The characters from The Servant of Two Masters are derived from stock characters used in commedia dell'arte. True commedia dell'arte is more or less improvised without a script, so The Servant of Two Masters is not true commedia. The stock characters were used as guides for the actors improvising.

- Truffaldino Battochio – Servant first to Beatrice, and afterward to Florindo. He is the love interest of Smeraldina (based on Arlecchino).
- Beatrice Rasponi – Master to Truffaldino, a lady of Turin and disguised as her brother Federigo Rasponi. She is the love interest of Florindo.
- Florindo Aretusi – Master to Truffaldino, of Turin and the love interest of Beatrice (an innamorati character who truly loves Beatrice)
- Pantalone Dei Bisognosi – A Venetian merchant (based on Pantalone)
- Smeraldina – Maidservant to Clarice and the love interest of Truffaldino (based on Columbina)
- Clarice – Pantalone's Daughter and the love interest of Silvio (based on Isabella)
- Silvio – Son of Dr. Lombardi and the love interest of Clarice (based on Flavio)
- Dr. Lombardi – Silvio's father (based on Il Dottore)
- Brighella – An Innkeeper
- First Waiter
- Second Waiter
- First Porter
- Second Porter

==Adaptations==
There have been several adaptations of the play for the cinema and for the stage:
- The Hotel; or, The Servant with Two Masters by Robert Jephson, Esq. English language adaptation published in 1783, the stock character names were not used and the setting was changed to Granada, Spain.
- Слуга двух господ (Sluga dvukh gospod [Servant of Two Masters]) (1953) – a 1953 Soviet adaptation
- Slugă la doi stăpâni (1956) – a Romanian National Radiophonic Theater production; translation: Polixenia Carambi; artistic director: Constantin Moruzan
- The Servant o' Twa Maisters (1965) Scots language adaptation by Victor Carin
- Servant of Two Masters (1966) opera by Vittorio Giannini
- Harlekijn, kies je meester (1973) (TV) – Dutch adaptation
- Truffaldino from Bergamo (1976) (TV) – Soviet TV movie adaptation
- Servant of Two Masters (1978) Australian adaptation by Ron Blair and Nick Enright Later produced for television and frequently revived in Australia
- Sluha dvou pánů (Servant of Two Masters) (1994-2016), Czech theatrical adaptation in National Theatre, Prague; main role played by Miroslav Donutil
- Servant of Two Masters (1992) Directed by Irene Lewis; Baltimore Center Stage
- A Servant to Two Masters (1999) Adapted by Lee Hall
- Sługa dwóch panów (2003-2019) Translated into Polish by Jerzy Adamski, main role played by Jan Kobuszewski at Teatr Kwadrat, Warsaw, Poland
- The Servant of Two Masters (2004) Translated and adapted by Jeffrey Hatcher and Paolo Emilio Landi, first performed by Milwaukee Repertory Theater
- The Man With Two Gaffers (2006) Adapted by Blake Morrison, set in Victorian Skipton. First performed at York Theatre Royal 26 August 2006 by Northern Broadsides, directed by Barrie Rutter.

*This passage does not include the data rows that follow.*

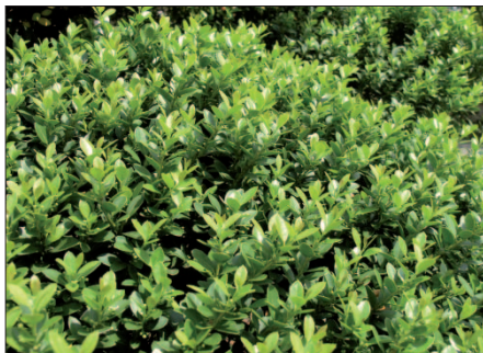
Japanstechpalme „ Ilex crenata “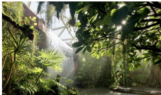
2023 受賞作品 Botanical Pavilion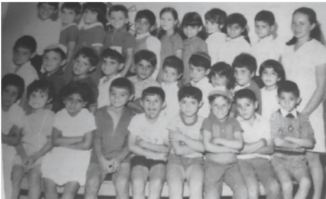
На фото: первый класс

Как кучка матросов, на паруснике с парой весел, отправляемся мы, ученики «Йешурун», в море детских воспоминаний.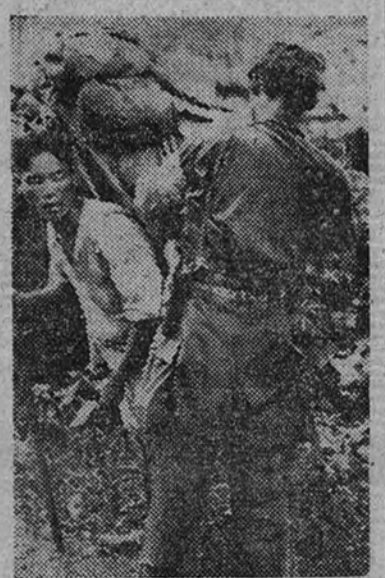
Un soldado surcoreano inspecciona la impedimenta de un refugiado que marcha de su pueblo ante la amenaza del avance rojo.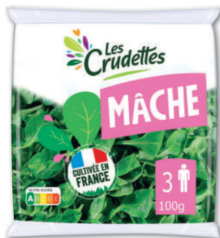
MÂCHE LES CRUDETTES 100 g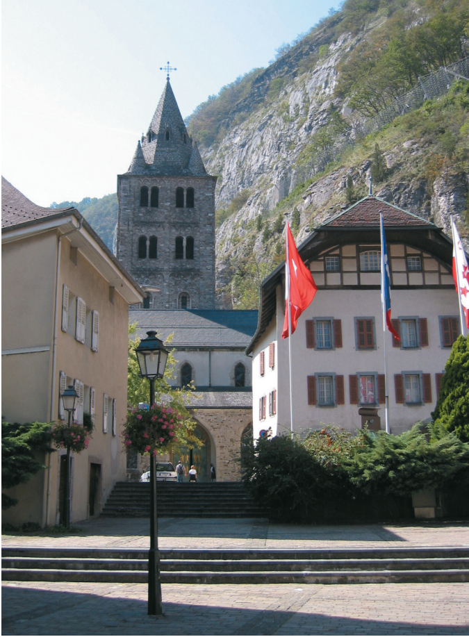
Abb. 3: Blick von der Stadt auf die Basilika der Abtei Saint-Maurice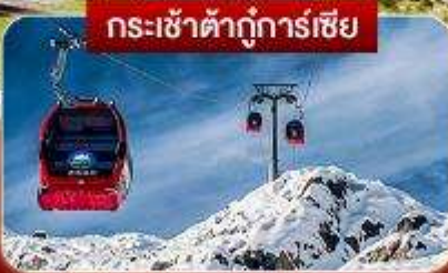
กระเช้าต้ากู่การ์เซีย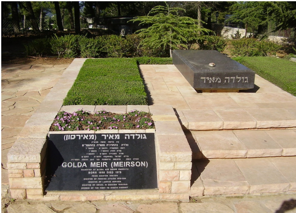
Могила Голды на горе Герцля в Иерусалиме

Свалив всю ответственность на армейское командование, правительство рассчитывало выйти сухим из воды, и это переполнило чашу общественного терпения. Голда подает в отставку, и ее знаменитая «политическая», а на самом деле вполне реальная кухня, где она, в жарких спорах, выпивая до двадцати чашек кофе в день и выкуривая по две пачки сигарет, принимала важнейшие решения, становится частью истории.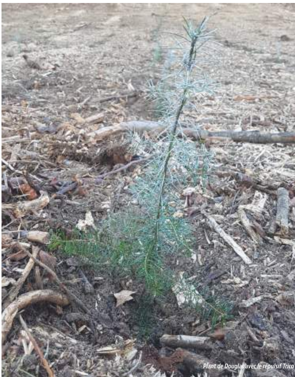
Plant de Douglas avec le répulsif Trico

Depuis le 1 er janvier 2021, les exploitants agricoles, souhaitant renouveler leur certiphyto, devaient jusqu'à maintenant justifier de 2 CSP par intervalle de 5 ans (Conseil Stratégique à l'utilisation des Produits phytosanitaires). Des dérogations, prenant en considération des seuils de surfaces et certains types de cultures, ramenaient cette obligation à 1 CSP tous les 5 ans. Cette mesure faisait suite à la séparation du conseil et de la vente et s'est avérée être une prestation payante supplémentaire imposée et dispensée par certains organismes (dont les Chambres d'Agriculture). Cela n'a pas forcément ravi nos agriculteurs. Quel rapport avec les propriétaires forestiers ? Sachez qu'en 2023, la DRAAF a envoyé aux propriétaires forestiers, qui devaient renouveler leur certiphyto, un courrier en leur rappelant l'obligation de ce fameux CSP ! « Mais... nous n'utilisons que de la graisse de mouton !! » - Il n'y a pas de « Mèèèh » qui tienne... Les récents événements (colère des agriculteurs et opérations de blocages) ont quelque peu changé la donne puisque pour l'heure tout cela semble

- Argelino, servidor de dos amos (2007) Adapted by Alberto San Juan, main role played by Javier Gutiérrez at Teatro de La Abadía
- One Man, Two Guvnors (2011) – set in 1960s Brighton, adapted by Richard Bean and first performed at The National Theatre, London
- Servant of Two Masters (2012) – adapted by Constance Congdon and first performed at The Lansburgh Theatre, Washington, D.C.
- Servant of Two Masters Bengali adaptation by Ashim Das as 'Nawkar Shoytaan Malik Hoyraan' and stage production produced by FAME under the direction of Ashim Das in Bangladesh.
- "The Servant of Two Masters“ adaptated and performed by Grupo de Teatro do Instituto Superior Técnico (GTIST) in Lisbon, Portugal, as "O Servidor de Dois Amos".